Fig 1: Architecture of DarkAgents. An orchestrator organises and coordi-
Limitations
- Current implementation handles only single pipeline branch (FOPT gravitational wave analysis); others planned but not released.
- LLM hallucinations occasionally produce fabricated literature citations requiring human vetting.
- Certain constraint classes (e.g., kinetic and scalar mixing bounds) not fully implemented; system flags but cannot apply them.
- Reduced reliability with less capable LLMs necessitates continued human supervision and correction.
- No adversarial robustness evaluation or simulated attacks on the agentic workflow reported.

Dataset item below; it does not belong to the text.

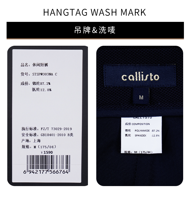 callisto藏青锦纶混纺休闲短裤 STSPW303C

- No formal statistical significance tests or cross-validation beyond multiple independent LLM runs described.
Open questions / follow-ons
- How to extend DarkAgents to support multiple interconnected TAP problems and enable cross-branch communication among different DarkAgents?
- Can future versions reduce hallucinations further or automatically flag/add missing phenomenological analyses without human intervention?
- What are effective methods to integrate new physics constraints (e.g., kinetic mixing) dynamically with algorithmic computation of relevant quantities?
- How can the architecture adapt to future more powerful LLMs to decrease human-in-the-loop while maintaining high reliability?
Why it matters for bot defense
DarkAgents demonstrates a sophisticated multi-agent AI orchestration framework integrating LLM reasoning with deterministic, auditable code to produce scientifically reliable results. For bot-defense and CAPTCHA practitioners, this work illustrates practical strategies to mitigate hallucination risks when deploying LLMs for critical pipelines, including modular design, stepwise human audit, and backend validation. The system's LLM-agnostic setup offers insight into flexible agent orchestration that could inspire robust CAPTCHA or bot-detection systems harnessing multiple AI tools.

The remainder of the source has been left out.